Record extracts:
★ ★ ★ ★
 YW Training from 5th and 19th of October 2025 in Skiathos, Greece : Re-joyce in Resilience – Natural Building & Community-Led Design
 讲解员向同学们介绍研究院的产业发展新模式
★ ★ ★ ★
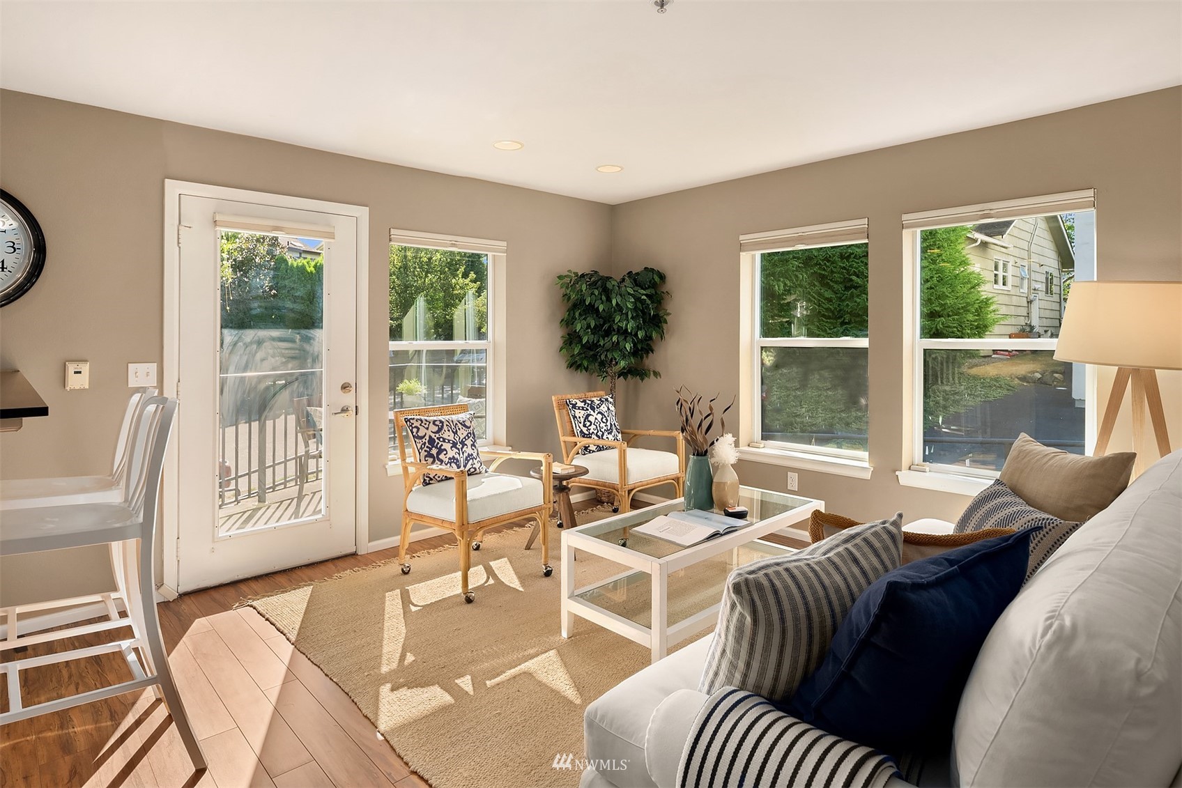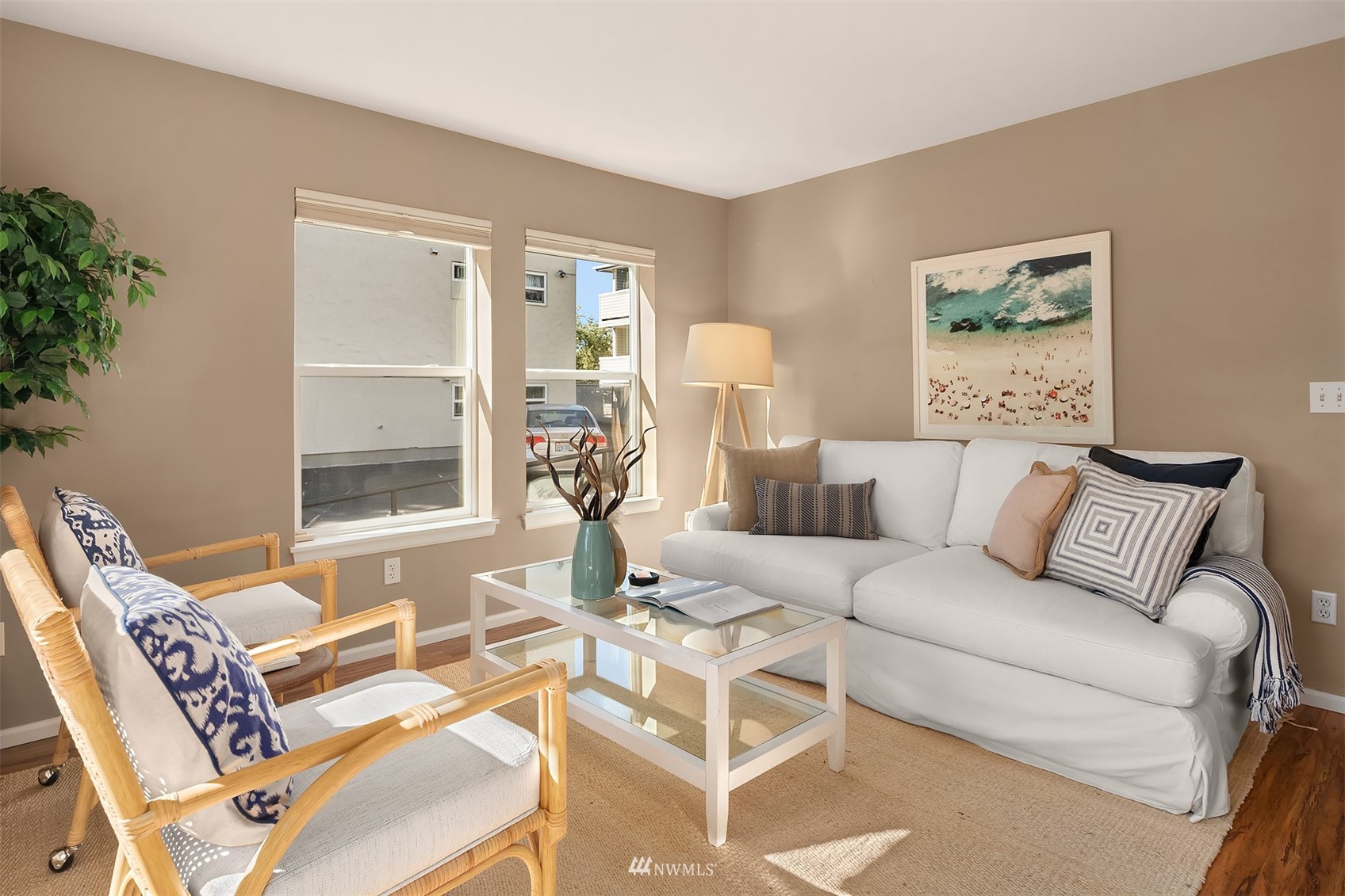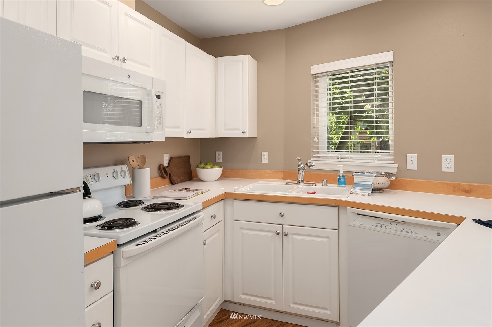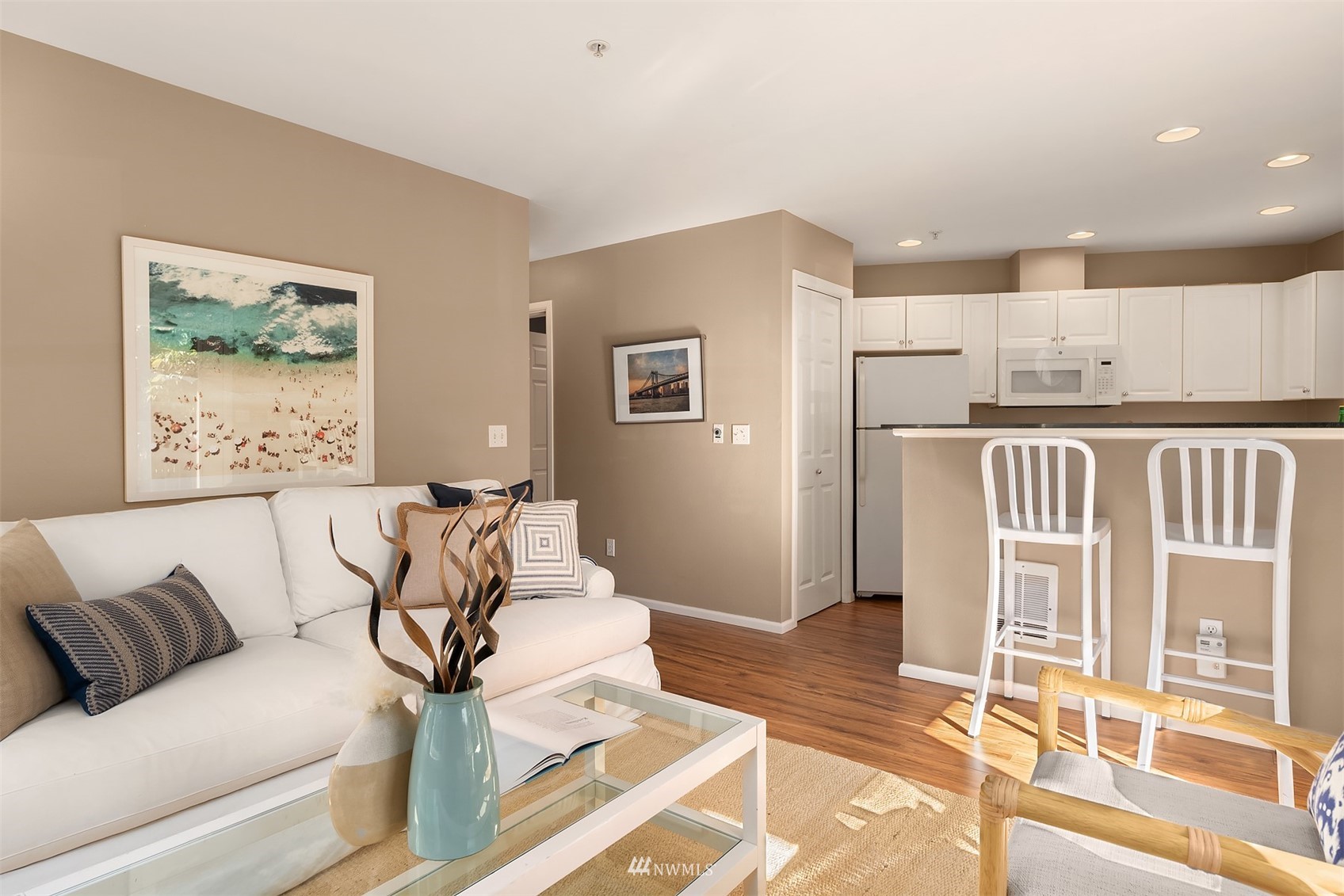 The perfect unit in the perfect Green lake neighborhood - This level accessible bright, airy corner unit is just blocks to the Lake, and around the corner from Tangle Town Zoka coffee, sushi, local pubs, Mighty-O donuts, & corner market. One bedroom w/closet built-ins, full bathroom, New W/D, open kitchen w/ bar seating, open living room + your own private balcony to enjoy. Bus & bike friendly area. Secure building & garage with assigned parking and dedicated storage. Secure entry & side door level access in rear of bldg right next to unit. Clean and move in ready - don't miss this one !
★ ★ ★ ★
Find "YW Training from" in the entries above and copy that whole line exactly, then each line after it through the line that contains "讲解员向同学们介绍研究院的产业发展新模式".

Result of this task:
 YW Training from 5th and 19th of October 2025 in Skiathos, Greece : Re-joyce in Resilience – Natural Building & Community-Led Design
 讲解员向同学们介绍研究院的产业发展新模式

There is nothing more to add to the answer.